What Should you Stop Doing? (Guest blog by Mike Hawkins)

Denver-Based Sales Leadership Development Available Nationwide

Posted: April 4, 2013

When we attend staff meetings, planning meetings, and business reviews, we inevitably leave with a list of actions to put on our to-do list. We are generally good at figuring out what we need to do and putting plans in place to do them. The problem is that our to-dos often exceed our capacity to do them. When we add up all that we hope to accomplish, we end up with a list well above the 100 percent we have to give. It is a rare occurrence in our 24x7 always on, always working world that we don’t have too much to do and too little time to do it in.

If we can give only 100 percent of our capacity, why do we put more than 100 percent on our to-do list?  If we expect to give only 50-60 hours a week to our work, why do we tell ourselves, and others, that we can complete 80-90 hours of work?  Not only are we disappointing people including ourselves as we run perpetually on the treadmill of busyness as usual, we are stressing out and burning out. The importance has never been greater than now for people to learn to prioritize their time and decide what they need to not do rather than merely think about what they need to do.

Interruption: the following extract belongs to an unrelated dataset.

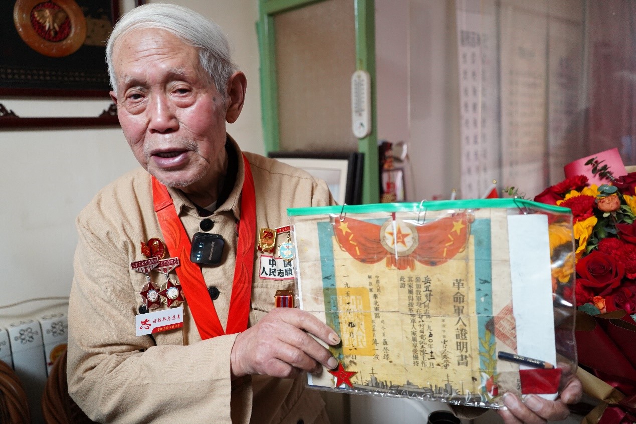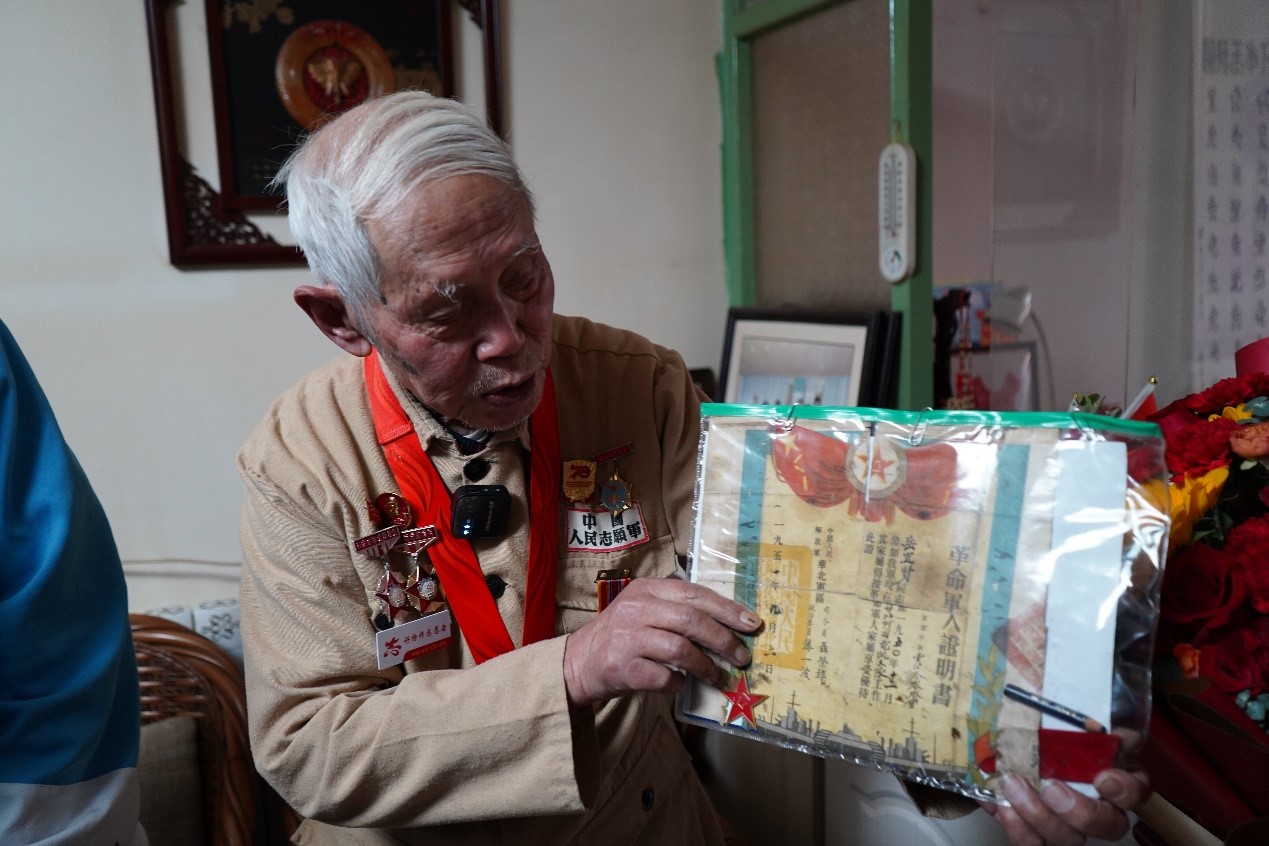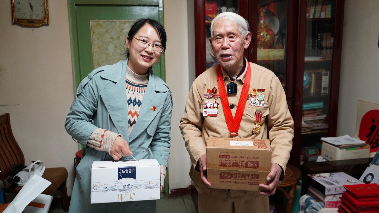 路荣为老战士送上慰问品,表达了后辈的敬意与慰问,老先生感动不已。

There was a time in my life when I had a senior level corporate job, owned two small businesses, owned four homes, and supported five children. When I look back on those years, I wonder how I did it. In retrospect, I’m not sure I did it very well. Not until I learned to consciously decide what not to do did I become truly productive, effective, and balanced. Not until I consolidated my material possessions, focused my work on fewer meaningful outcomes, said “no” to some of my pastimes, and put constraints on what I did say yes to did I find time to achieve what I needed to achieve.

How about you?  Are you finding it all but impossible to get everything done? Are you quick to take on more assignments and to-dos, but struggle to find time to complete them all? Are you adding more products and services to your product portfolio, but unwilling to kill the old ones that languish? Are you committing to more charitable activities without resigning from those that you need to resign from? Are you saying yes to requests for help without considering the opportunity costs of what you won’t be able to do?  Do you lack a healthy work/life balance? Are you chronically late to your children’s sporting events, meetings, and appointments? Do you struggle to get out of bed in the morning because you worked late the night before? If so, consider that it’s time to start thinking about what you should stop doing.

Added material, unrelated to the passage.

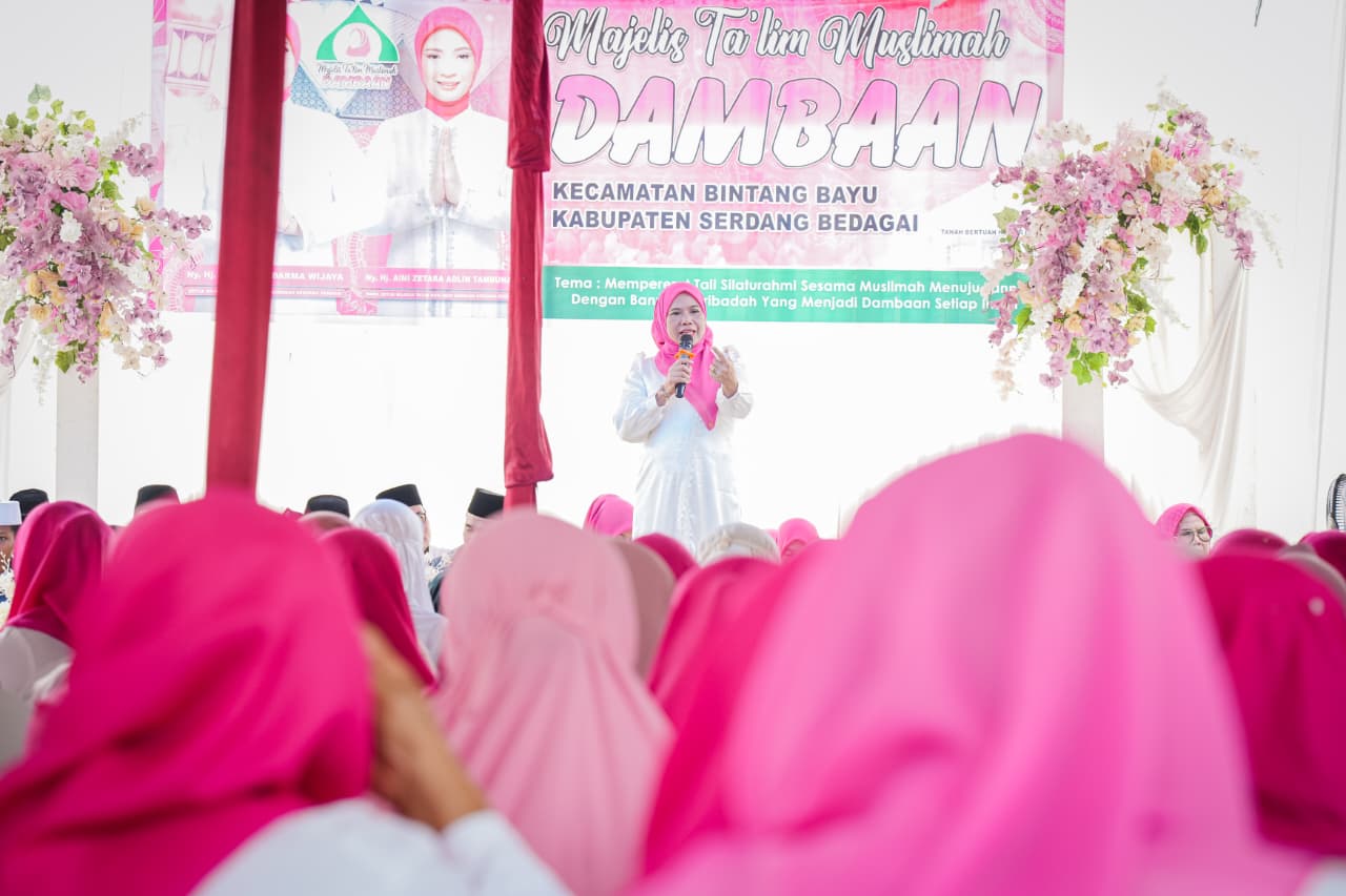 Headline.co.id, Serdang Bedagai ~ Pengajian rutin triwulanan Majelis Ta’lim Muslimah Dambaan (MTMD) Kabupaten Serdang Bedagai (Sergai) dilaksanakan di Lapangan Voli Dusun II Lorut, Desa Huta Durian, Kecamatan Bintang Bayu, pada Selasa (21/4/2026). Acara ini bertepatan dengan peringatan Hari Kartini dan dimaknai sebagai kesempatan refleksi diri bagi kaum ibu. Kegiatan ini dihadiri oleh ratusan jamaah muslimah dan merupakan bagian dari program berkelanjutan Pemerintah Kabupaten Sergai untuk memperkuat ukhuwah Islamiyah serta membangun karakter masyarakat yang religius di Tanah Bertuah Negeri Beradat.

Saying no, like stopping a habit, is difficult. It takes courage, self-control, and confidence to tell people that you can’t accommodate their request. It takes discipline to not allow the urgent to displace the important. It takes mental toughness to let go of an enjoyable pastime, special project, or long-standing tradition. It also takes intelligence. While you might be tempted to pack more activities into your already overbooked schedule, a little thinking helps you realize that you can’t do it. So stop trying.

Here are ten principles to follow in determining what to do, what not to do, and how to achieve more in less time:

1. Plan – Create a plan with specific goals, actions, and incremental milestones that you can track. Define your goals in terms that create a positive vivid mental picture of your desired end-state. Written goals help you establish clarity and provide accountability. Regularly review them and your progress against them. Like going on a trip, you will arrive at your destination much faster and easier when you have preplanned the best route.

2. Focus on the Important - With the many communications channels and other distractions vying for your attention, staying focused is a constant challenge. Don’t let the urgent, convenient, or loudest distract you from the important. Stay focused on reaching the milestones that support your goals. Create the habit of working intentionally. Make a “not to-do” list and adhere to it. Minimize your distractions. Turn off your notifications except during the time you have allotted to review them.

3. Set Your Own Standards - Don’t mindlessly follow social and cultural norms. Set your own example. Lead. Be proactive. Follow your own values. Establish your own principles and philosophies. Define the core guidelines by which you will operate your business and your life. Let them guide you instead of following the latest fads and over-hyped products.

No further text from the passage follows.